- Abbreviation: GPA
- Leader: Armenak Dovlatyan
- Founded: February 1999
- Headquarters: Yerevan
- Ideology: Green politics Environmentalism Green economics
- Political position: Left-wing
- National affiliation: Free Homeland Alliance (2021)

= Green Party of Armenia =

Political party in Armenia

The Green Party of Armenia (Հայաստանի Կանաչների կուսակցություն), also known as the Social-Ecological Party, is a Green political party in Armenia.

== History ==
The party was established in February 1999 by Armenak Dovlatyan, a former member of the Armenian National Congress party. The party currently does not have any political representation in the National Assembly and acts as an extra-parliamentary force.

== Ideology ==
The party is Armenia's main green political force and actively campaigns for greater environmental protection throughout the country. However, party leader Dovaltyan, confirmed that environmentalism is not the only issue important to the party. The party encourages economic development, reducing levels of outward emigration, and supports greater unity between Armenia and the Armenian Diaspora. During the 2020 Nagorno-Karabakh war, Dovaltyan called for an end to foreign interference in Armenia and to increase Armenian support to the Republic of Artsakh.

== Electoral record ==
The party did not directly participate in the 2012 Armenian parliamentary election, however the party was represented through its political association with the Armenian National Congress party, who gained 7 seats in the National Assembly.

Prior to the 2013 Armenian presidential election, the party announced it would not participate due to concerns over corruption and electoral fraud. The party endorsed Hrant Bagratyan, leader of the Freedom Party.

The party boycotted the 2017 Armenian parliamentary election.

The party did participate in the 2018 Yerevan City Council election as part of the "Yerevan Society Alliance", with the Alliance of Ideological Liberals. The alliance finished 9th place, taking less than 1% of the popular vote. As such, the party failed to gain any seats in the Yerevan City Council.

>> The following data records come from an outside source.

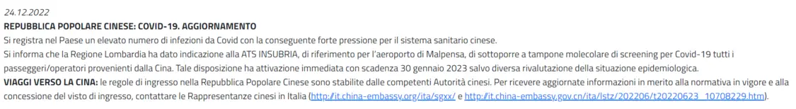 意大利外交和国际合作部网站ViaggiareSicuri报道称,自12月24日起,米兰马尔彭萨机场将对所有来自中国的旅客(不分国籍)进行入境新冠核酸检测。这一政策暂时执行至2023年1月30日,到期后将重新评估是否延续。
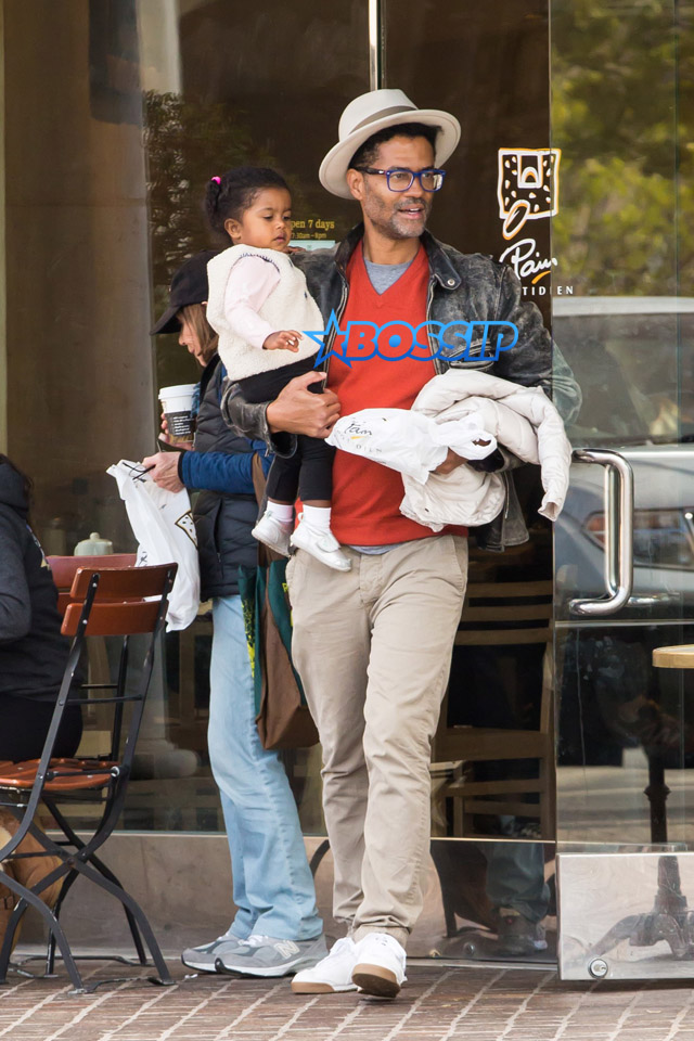 Eric Benet was snapped by the paps leaving Le Pain in Calabasas Commons with a to-go order and his arms full of toddler daughter Amoura Luna.
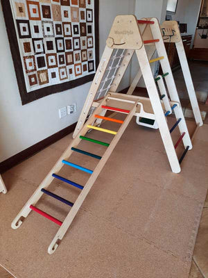 The Pikler Triangle Climbing frames she used have been recommended by health professionals around the world to promote and encourage child development through open and independent play.
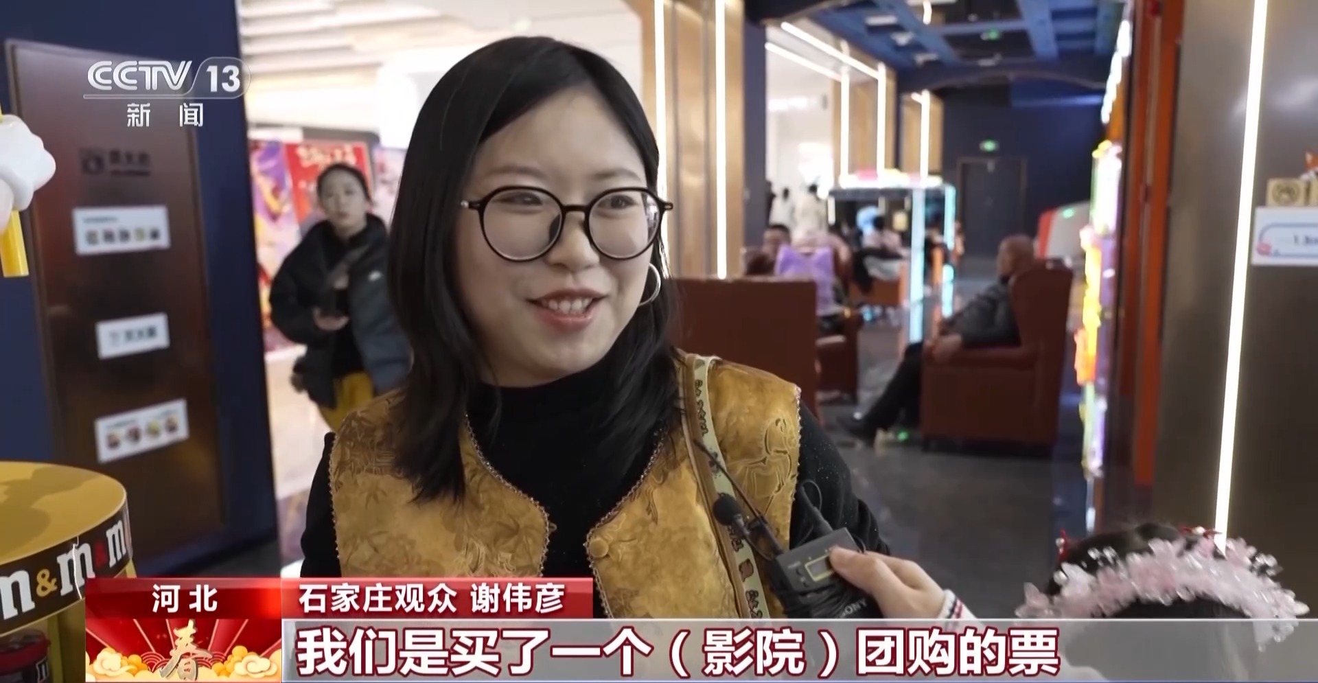 石家庄某影院经理 薛亚丽:我们影院也积极参与了这个惠民活动。通过线上渠道购买影票,能立减5到10元。我们春节一共上映6部影片,有适合一家老小的喜剧片,还有国安题材的影片。现在我们推出了一个亲子套票,小朋友可以免费观影,只需要购买大人影票就可以了。
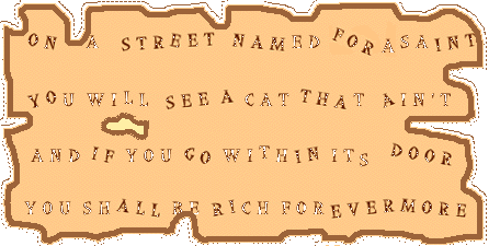 "This place is creepy," whispered Grace. "It sure is. Keep your eyes peeled for 'The Cat That Ain't.' " "That doesn't make any sense to me at all. I think- Willie! Do you see that green car?" "You mean the green car that's been following us ever since we left my house? It's coming towards us." Just then, a green car with darkened windows glided to a halt next to Grace and Willie. They couldn't see who the driver was. The door on the driver's side begin to slowly open, and Flop began to bark furiously. "Willie! Let's get out of here!" yelled Grace. The two frightened children jumped on their bikes and began to pedal as fast as they could, but when Grace looked over her shoulder, she saw that the green car was right behind them." NEXT STORY: "The Cat That Ain't?" |
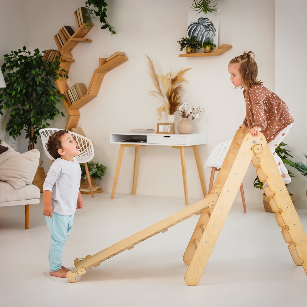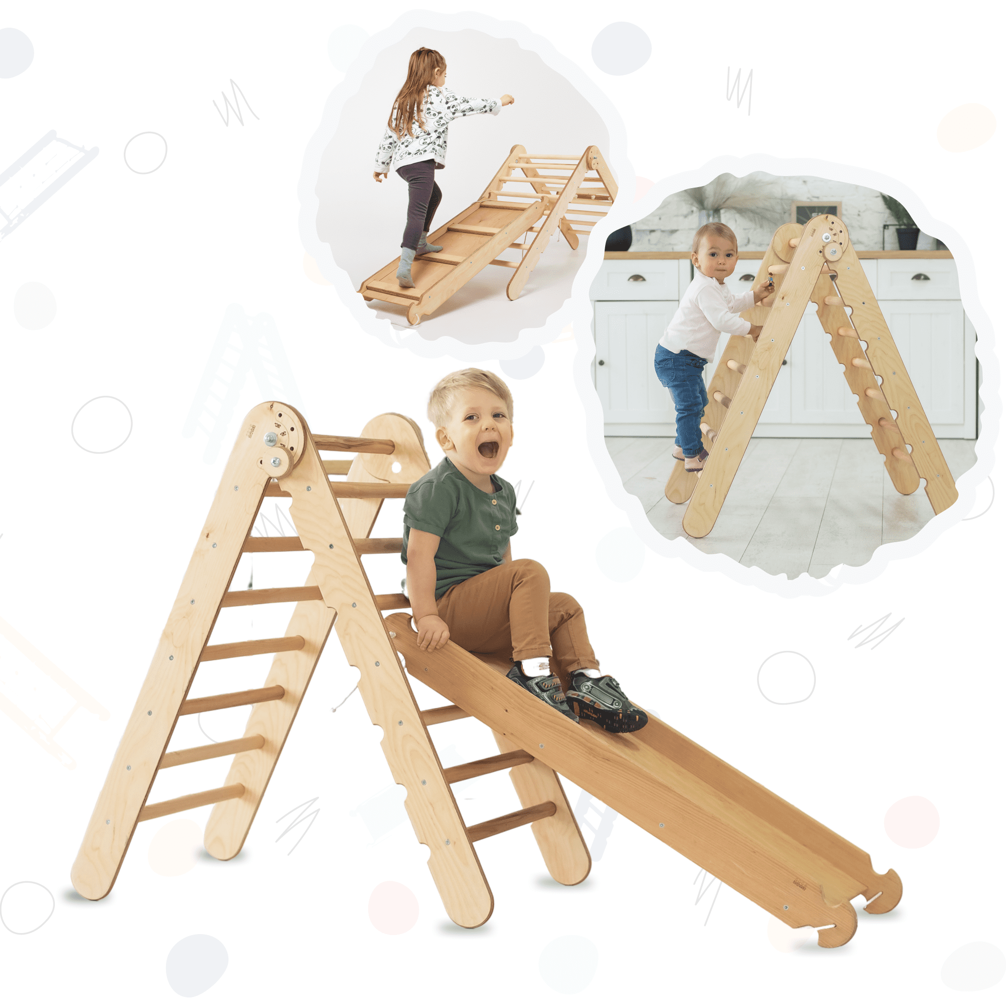 Are you in search of Montessori learning toys for toddlers and kids? Toddler Indoor Play Equipment 2in1 is one of the best options if you’re looking for a compact kids outdoor play equipment, as it consists of the classic triangle step ladder accompanied by the two-sided slide board/ramp. The triangle foldable ladder has 5 locking positions, which allow the toddler climber to be adjusted from 45° to 150°, which simply adds utility value both in use and storage. With the help of 4 additional wood planks, the toddler slide transforms into a ramp when flipped, opening up even more opportunities for your children to have fun and enjoy themselves! Montessori wooden toys are designed to develop and enhance a plethora of essential qualities and skills, such as gross motor skills, hand-eye coordination, courage, independence, dexterity, and many more!

Prior to the 2018 Armenian parliamentary election, the party announced it would participate in the elections and that it would be open to discussing options to form political alliance's with other parties. Ultimately however, the party failed to register and did not participate. Following the election, Dovaltyan stated that he was generally pleased with newly elected Prime Minister Nikol Pashinyan and hoped that the spirit of the 2018 Armenian velvet revolution would continue.

The Green Party confirmed that it would participate in the 2021 Armenian parliamentary elections as part of the Free Homeland Alliance. Following the election, the Free Homeland Alliance received just 0.32% of the popular vote, failing to win any seats in the National Assembly.

== Activities ==
In 2011, the Green Party of Armenia participated in the European Green Party Conference held in Paris.

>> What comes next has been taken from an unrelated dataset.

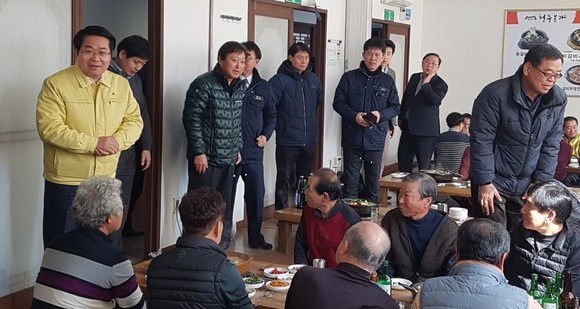 충청향우회 중앙회 초사2통 방문 '신종 코로나 지원금' 전달
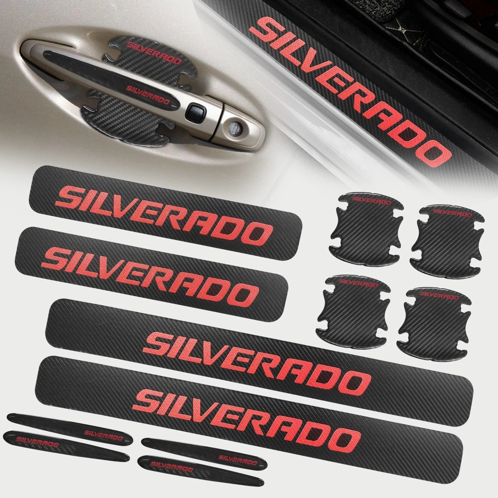Door Sill Scuff Cover Stickers Made of high quality Carbon Fiber Textured Faux Leather, Anti Scratch and abrasion resistant, durable and effective in protecting car door sills. Easy Installation: P lease wipe the car door sill clean before installing, to ensure that there is no oil and dust first, then remove the protective paper on the back of the sticker, gently stick on the door sill above to ensure that no air bubbles are generated. Simple Maintenance: When the car door sill protector reflective sticker is stained with dirt or oil, simply wipe it with a damp rag and it will look like new with a gentle wipe. Door Cup Stickers & Door Handle Stickers Material: Carbon Fiber Texture Vinyl Stickers + Epoxy Resin Self adhesive , won’t fall of easily, will keep your door cups looking like new, without changing the appearance in any weather. No more scratches to the door handle cups Easy to Install: Clean car door handle cup and let it dry, then tear off the protector film from adhesive backing, stick film onto the cup and adjust the perfect position. Package Included : 4PCS Door Sill Scuff Cover Stickers (2 Front + 2 Rear) 4PCS Door Cup Stickers 4PCS Door Handle Stickers

In October 2011, party members voiced strong opposition to the construction of a Hydro electric dam at the Trchkan waterfall in northern Armenia. Party members were concerned that the 25-metre waterfall and the surrounding forests would be at risk if the new dam was built at the confluence of two rivers between the Shirak and Lori regions. Due to public pressure, Prime Minister Tigran Sargsyan declared that work on the dam was to stop and that the Trchkan waterfall would be granted protected status.

In March 2012, the party called on the Government of Armenia to increase the amount of protected green spaces in the country, including in the capital, Yerevan. Also in 2012, the party released a statement calling for reforestation efforts to be increased and to limit the spread of urban sprawl.

In November 2015, the Green Party of Armenia participated in a Global Greens initiative, in which the party signed a joint statement along with 40 other Green parties across the world, pledging to reduce greenhouse gas emissions.

In December 2020, Armenak Dovlatyan met with the President of Armenia, Armen Sargsyan to discuss the political situation in the country.